The in vitro effects on NF-κB augmentation has been reported to be dependent on lactobacilli viability, since after heat-killing they only had a marginal effect on NF-κB activation in co-stimulation experiments with E. coli. This supports modulation of NF-κB as a potential probiotic mechanism. The ability of probiotic lactobacilli to interfere with UPEC colonization in the vagina, and thereby the pathogens’ ascension into the bladder, could therefore involve immunomodulatory activity,
specifically via NF-κB activation. Conclusions The main cause of UTI is ascending E. coli that colonizes the vagina, urethra then bladder. To remove unwanted pathogens, the urothelial cells of the mucosa carry Galunisertib molecular weight specific receptors, such as TLR4 that can recognize the most common Gram-negative species. Once these receptors bind the cognate bacterial ligand, the epithelial cells respond by producing a range of compounds including cytokines that are strongly regulated by the NF-κB transcription factor. The present in vitro study showed that this immune activation could be amplified by probiotic L. rhamnosus GR-1. Moreover, augmentation of NF-κB was accompanied by an increase in inflammatory TNF expression. The important recognition molecule TLR4 was found to be up-regulated by L. rhamnosus GR-1 on both mRNA and protein level in cells concomitantly challenged with E. coli.

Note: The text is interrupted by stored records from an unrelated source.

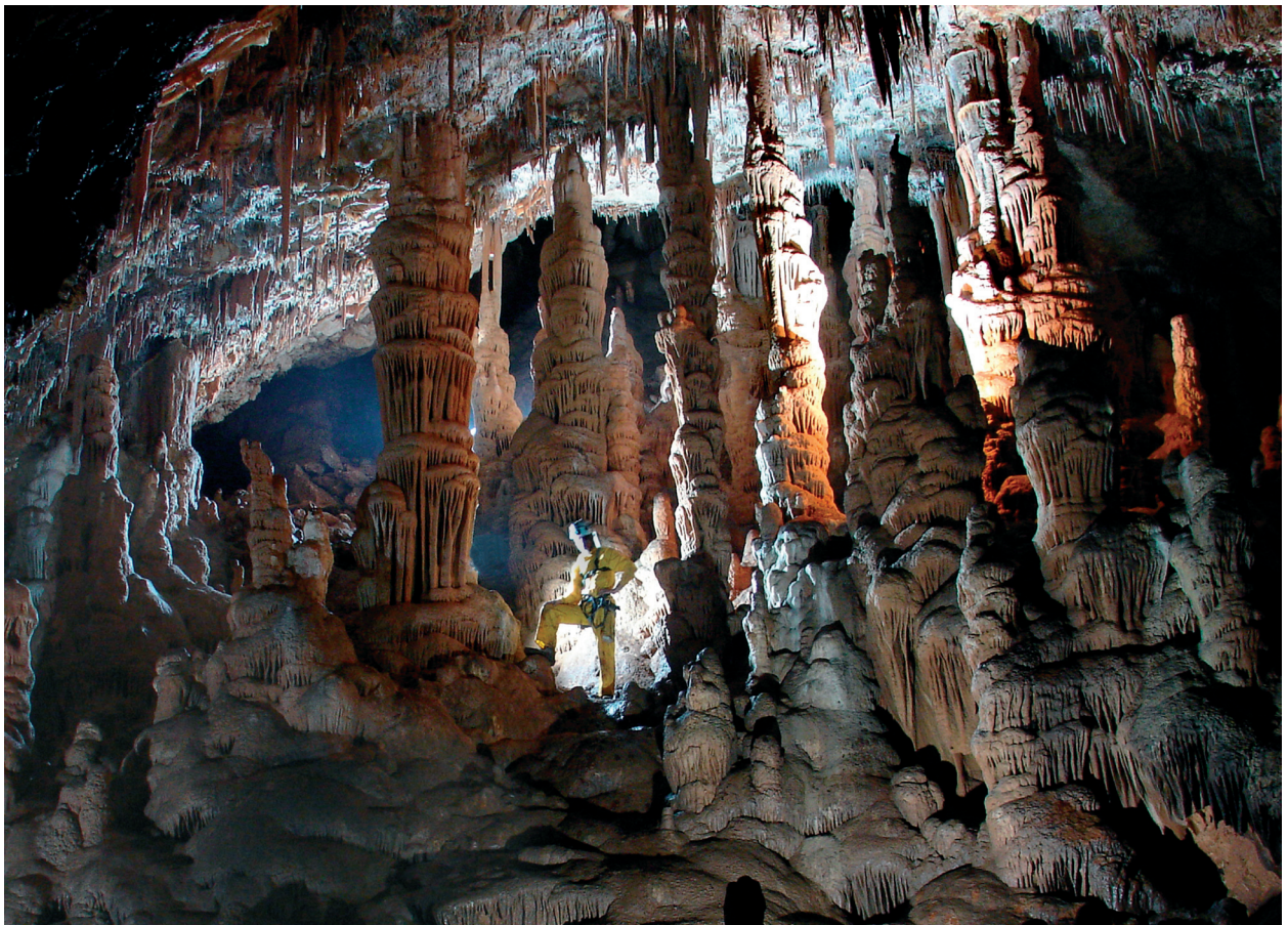
Figura 7: Avenc d'en Corbera (Mallorca).
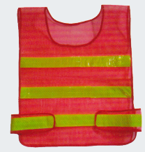
#16 Сетчатый жилет Материал: Утолщенная сетчатая ткань
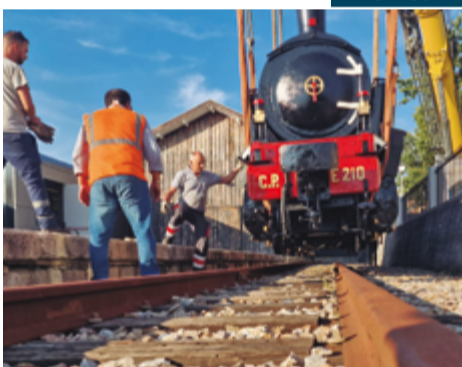
Linha ferroviária encerrou em 1986.
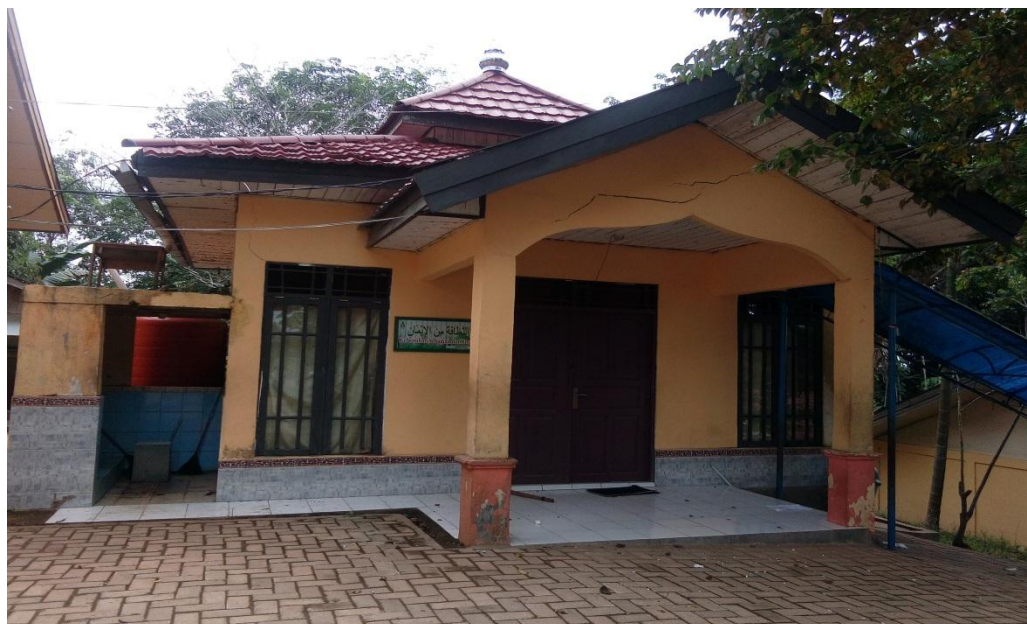
Musholla SMK Negeri 1 Paringin
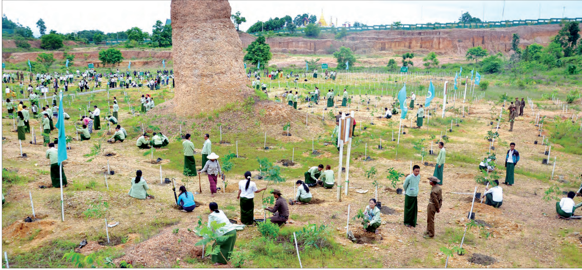
သဘာဝပတ်ဝန်းကျင်ထိန်းသိမ်းရေးနှင့် စီမံကိန်းဗဟိုဌာနမှ ပြည်သူများ သစ်ပင်များကို ပြန်လည်စိုက်ပျိုးနေကြစဉ်

သွားမယ်။ နိုင်ငံရဲ့ လောင်စာလိုအပ်ချက်ကို သစ်တောကဏ္ဍကနေ ထုတ်ယူသုံးစွဲမှု လျော့နည်းစေဖို့ ဆောင်ရွက်သွားမယ်။ ပြီးတော့
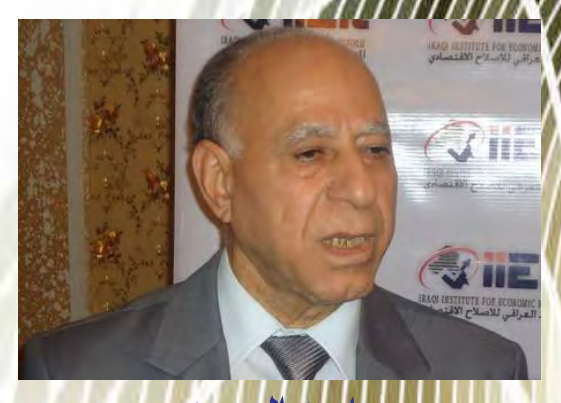
د. ما جد الصوري الأصلاح المصرفي في العراق وتحديات الأستثمار
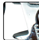
Corpo de alumínio e acabamento cromado. Equipamento mais leve e design ergonômico
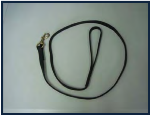
Figura 7. Correa de piel de 1.20 x 0.3 m
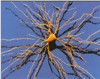
NEUROSCIENCES: Les cellules nerveuses ne se régénèrent pas, une fois lésées. Les maladies qui en découlent, telles qu'Alzheimer ou Parkinson, augmentent avec l'âge. Dans une société toujours plus vieillissante, la recherche sur le cerveau compte.
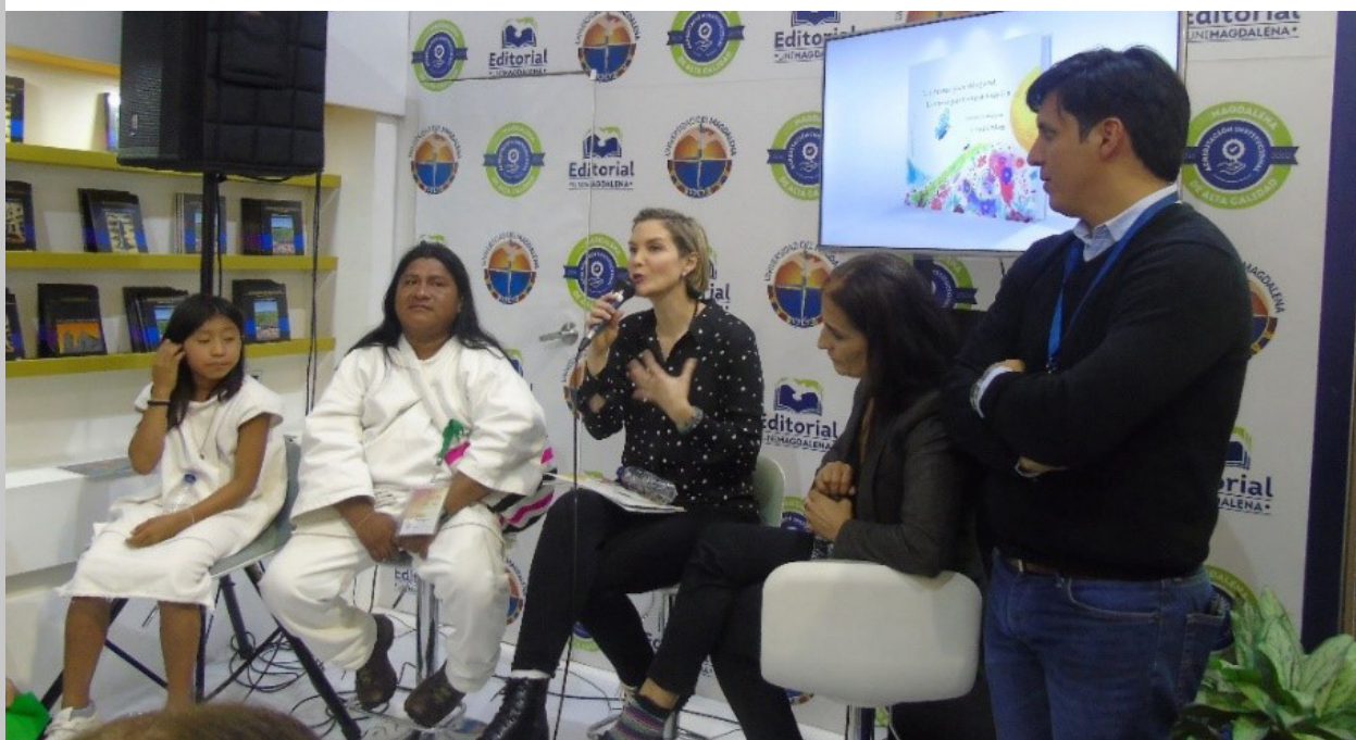
Figura 160. Presentación de la obra en la Feria Internacional del Libro de Bogotá, FILBO 2019

Moreover, the blocking agonist binding to TLR4 completely inhibited the augmentation of NF-κB by L. rhamnosus GR-1. Due to the importance IKBKE of TLR4 in the process of pathogen clearance we suggest that this represents selleck a pathway in which probiotic immunomodulatory lactobacilli work to increase immunity and prevent infections. Methods Cell culture The T24 human bladder carcinoma cell line (ATCC HTB-4) was cultured in RPMI 1640 (Hyclone) supplemented with 2.05 mM of L-glutamine and 10%
fetal bovine serum (FBS; Hyclone) at 37°C with 5% CO2 in a humidified environment. Bacterial strains and growth conditions L. rhamnosus GR-1 (urethral isolate) and GG (intestinal isolate) were cultured on de Man Rogosa Sharp (MRS) agar (Difco) anaerobically using anaerobic packs (BD) at 37°C for 24 h under static condition. For cell culture challenge, lactobacilli were grown from a 1% inoculum in MRS broth for 24 h followed by washing and resuspending in the original volume with phosphate buffered saline (PBS; pH 7.4). Uropathogenic E. coli GR12 was grown in Luria-Bertani (LB) medium (Difco) at 37°C and constant shaking. Heat-killed bacteria were prepared by washing cultures in PBS and heating at 70°C for 1 h followed by plating 100 μl on the respective growth medium (MRS or LB) to confirm loss of viability. Heat-killed L. rhamnosus GR-1 and E. coli were stored at -20°C until used for cell challenge.